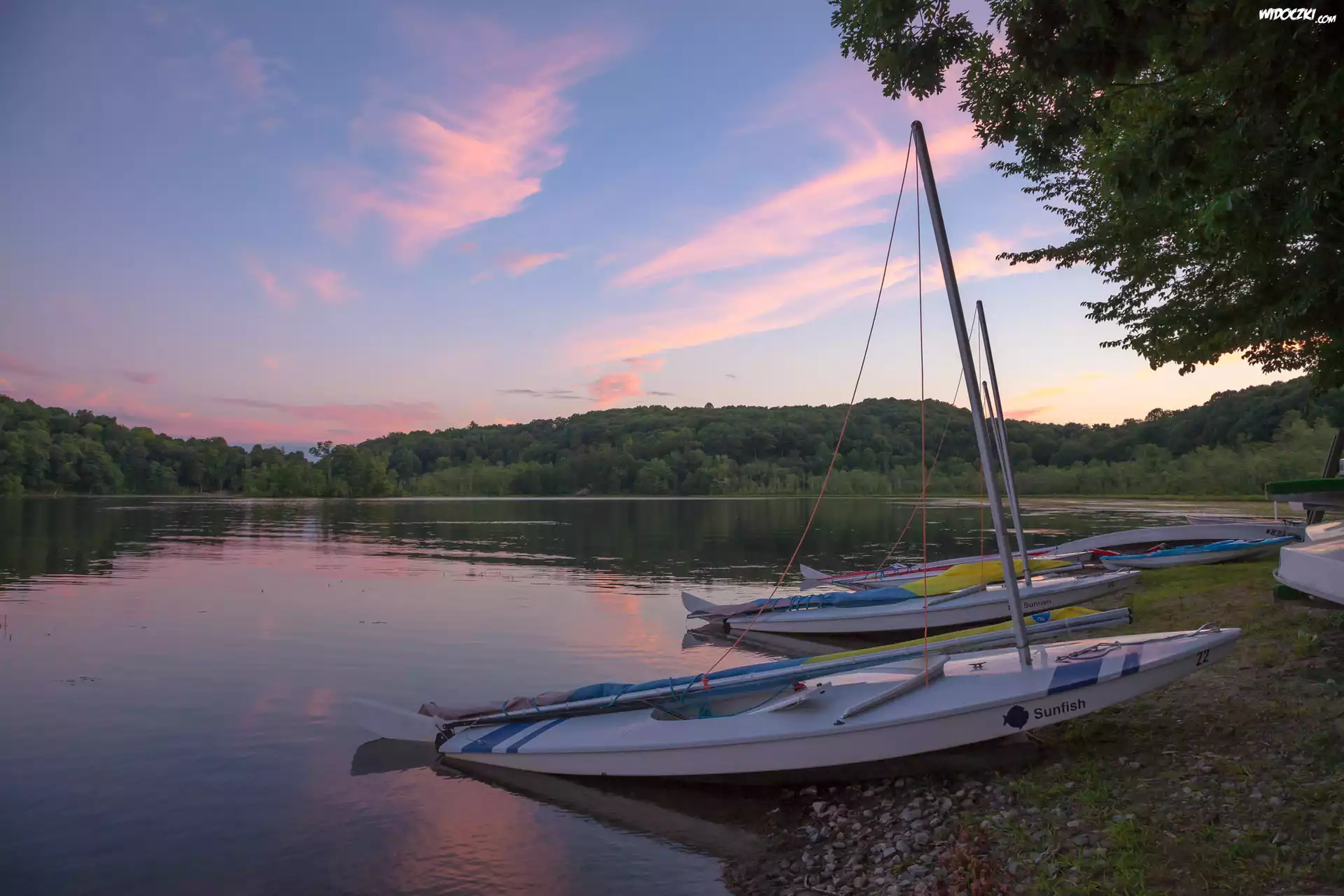 Zdjęcia, Żaglówka, Jezioro, Drzewa, Brzeg
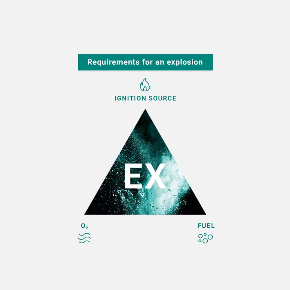 Los medios inflamables y explosivos, como el gas, el vapor, la niebla o el polvo, pueden provocar incendios graves y explosiones violentas. Por eso, nuestros brazos de extracción están equipados con componentes especiales de protección contra incendios y explosiones y ofrecen un funcionamiento seguro:
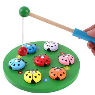家族みんなで 遊ぼう カラフル かわいい 木製 てんとうむし釣りゲーム 7匹のキュートな てんとうむし
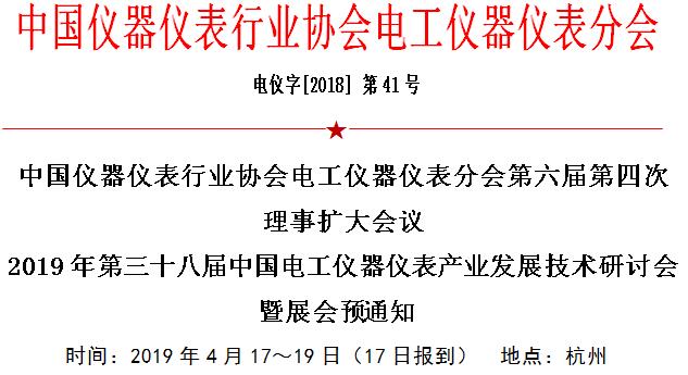 中國儀器儀表行業協會電工儀器儀表分會定于 2019 4月在杭州召開“2019 第三十八屆中國電工儀器儀表產業發展技術研討會暨展會,同期召開中國儀器儀表行業協會電工儀器儀表分會第六屆第四次理事擴大會議。
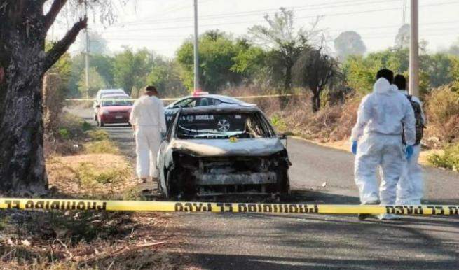 Morelia, Mich., a 14 de abril de 2024.-Tres personas fueron encontradas calcinadas dentro de un vehículo, el cual estaba sobre la carretera Tacícuaro-San Nicolás Obispo, en la zona poniente de Morelia.
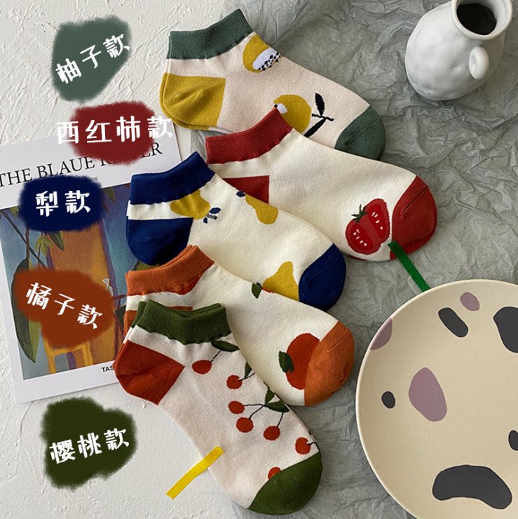 Socks women's socks shallow mouth Japanese sweet and cute cartoon fruit socks cotton socks ins tide invisible socks summer thin section
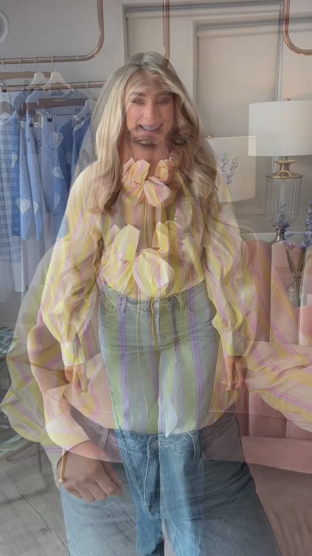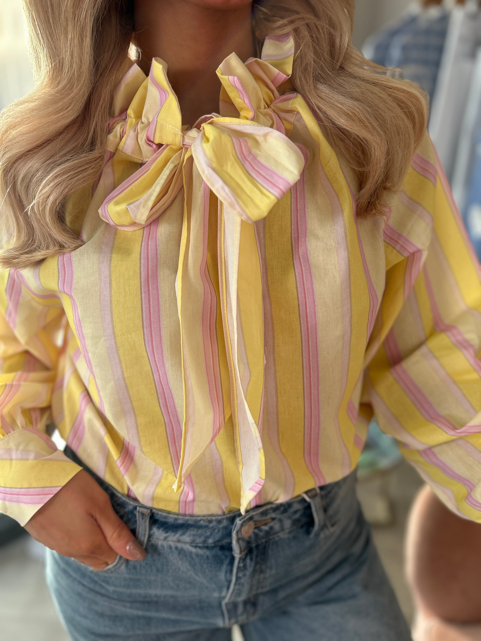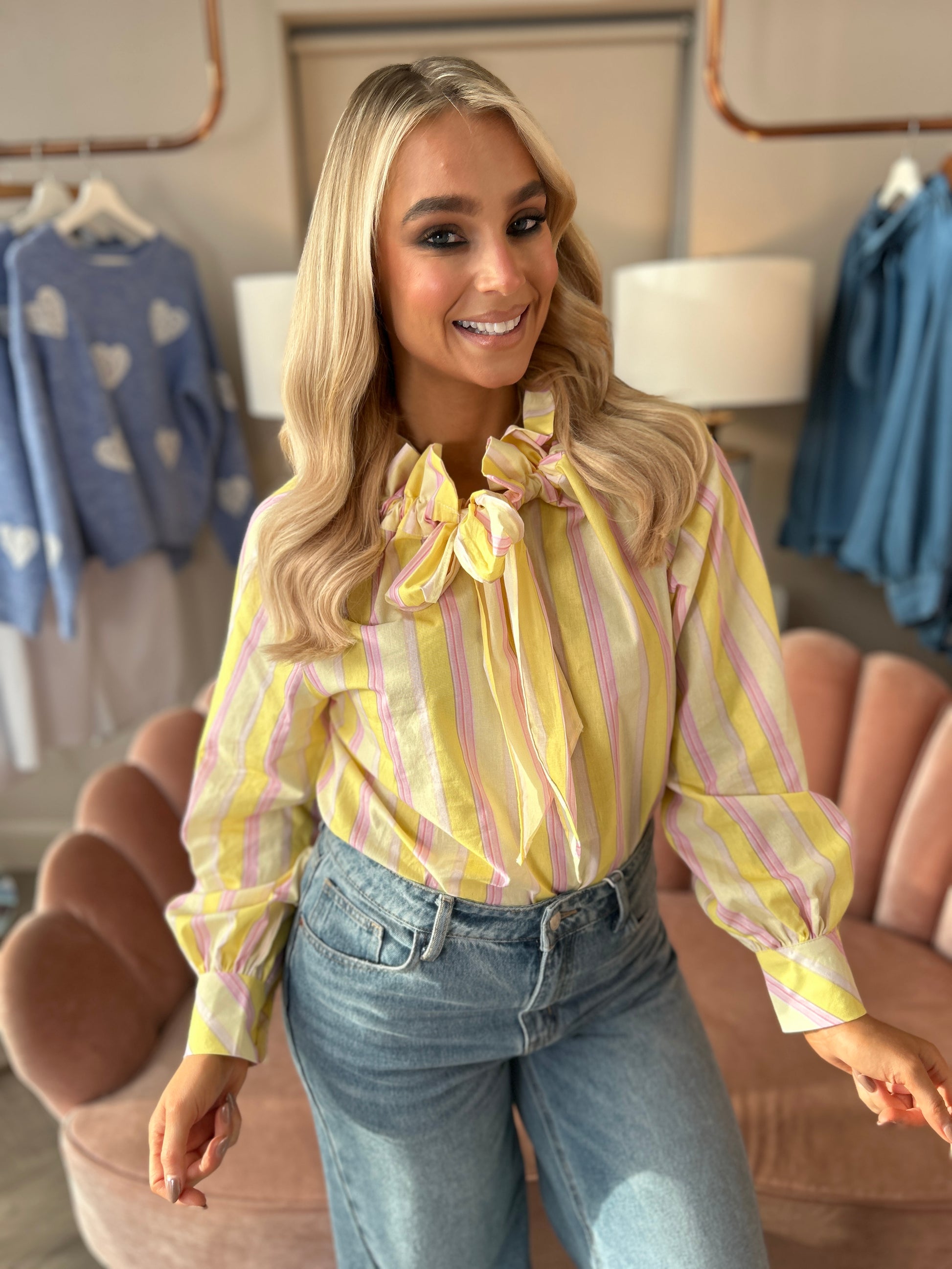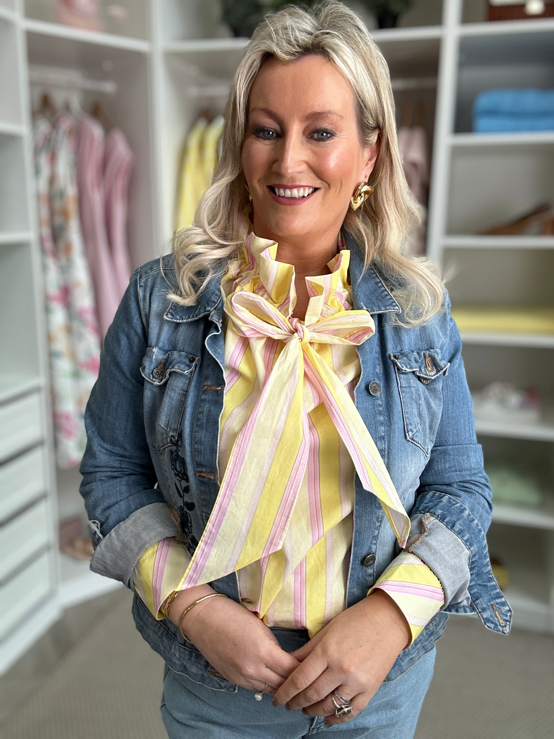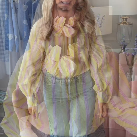 Fun, fashion forward and just dropped!! We love this new ruffle tie collar blouse with a chic stand-up collar, aligning perfectly with this season's must-have trends. Its vibrant candy stripe colours and soft pastels make it a statement piece that says Spring 26 here we come!
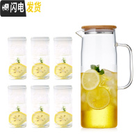 三维工匠耐热防爆玻璃水壶ins风大容量家用冷水壶果汁壶凉水壶凉水杯套餐 竹盖水壶1.5+6水杯
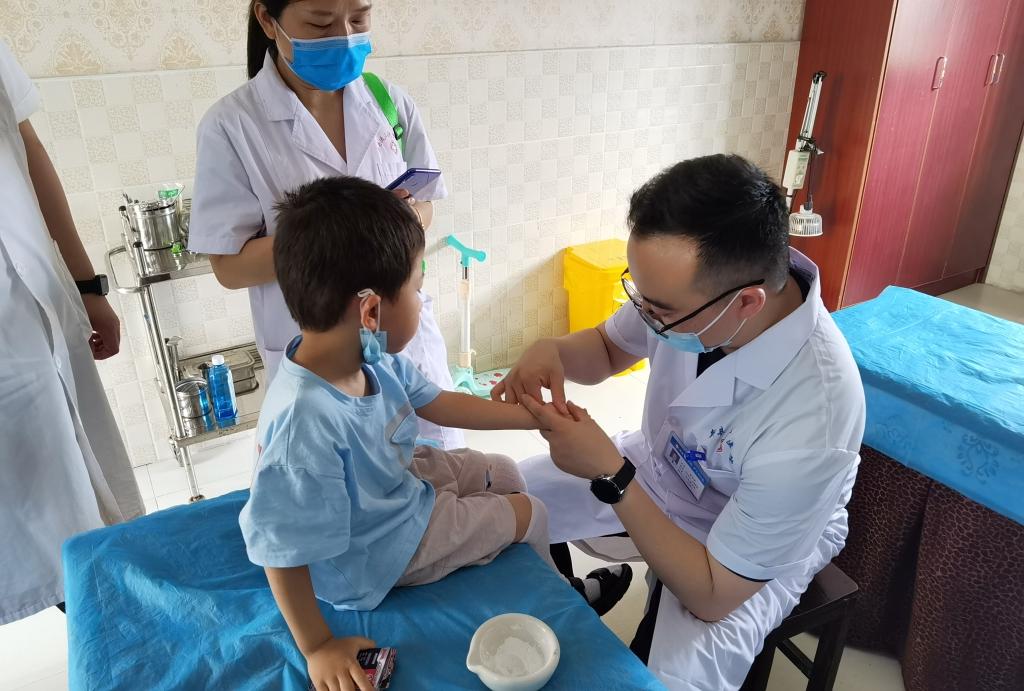 帮扶专家谢雨辰在新县中医院为患者进行治疗
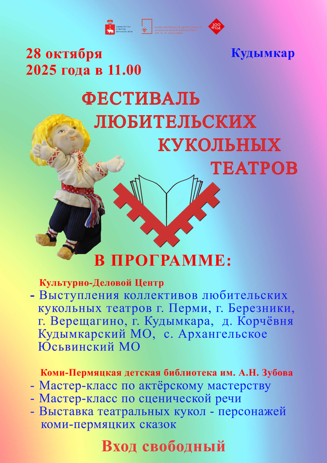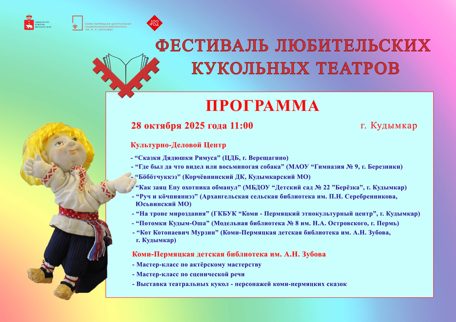 Коми-Пермяцкая центральная национальная библиотека им. М.П. Лихачёва» при поддержке Министерства культуры Пермского края организовала и провела фестиваль любительских кукольных театров (6+).
______
-- Assignment --
Although pictures appear among the entries, please set down only the lines from the one with "Los medios inflamables" up to and including the one with "中國儀器儀表行業協會電工儀器儀表分會定于", word for word.

-- Your response --
 Los medios inflamables y explosivos, como el gas, el vapor, la niebla o el polvo, pueden provocar incendios graves y explosiones violentas. Por eso, nuestros brazos de extracción están equipados con componentes especiales de protección contra incendios y explosiones y ofrecen un funcionamiento seguro:
家族みんなで 遊ぼう カラフル かわいい 木製 てんとうむし釣りゲーム 7匹のキュートな てんとうむし
 中國儀器儀表行業協會電工儀器儀表分會定于 2019 4月在杭州召開“2019 第三十八屆中國電工儀器儀表產業發展技術研討會暨展會,同期召開中國儀器儀表行業協會電工儀器儀表分會第六屆第四次理事擴大會議。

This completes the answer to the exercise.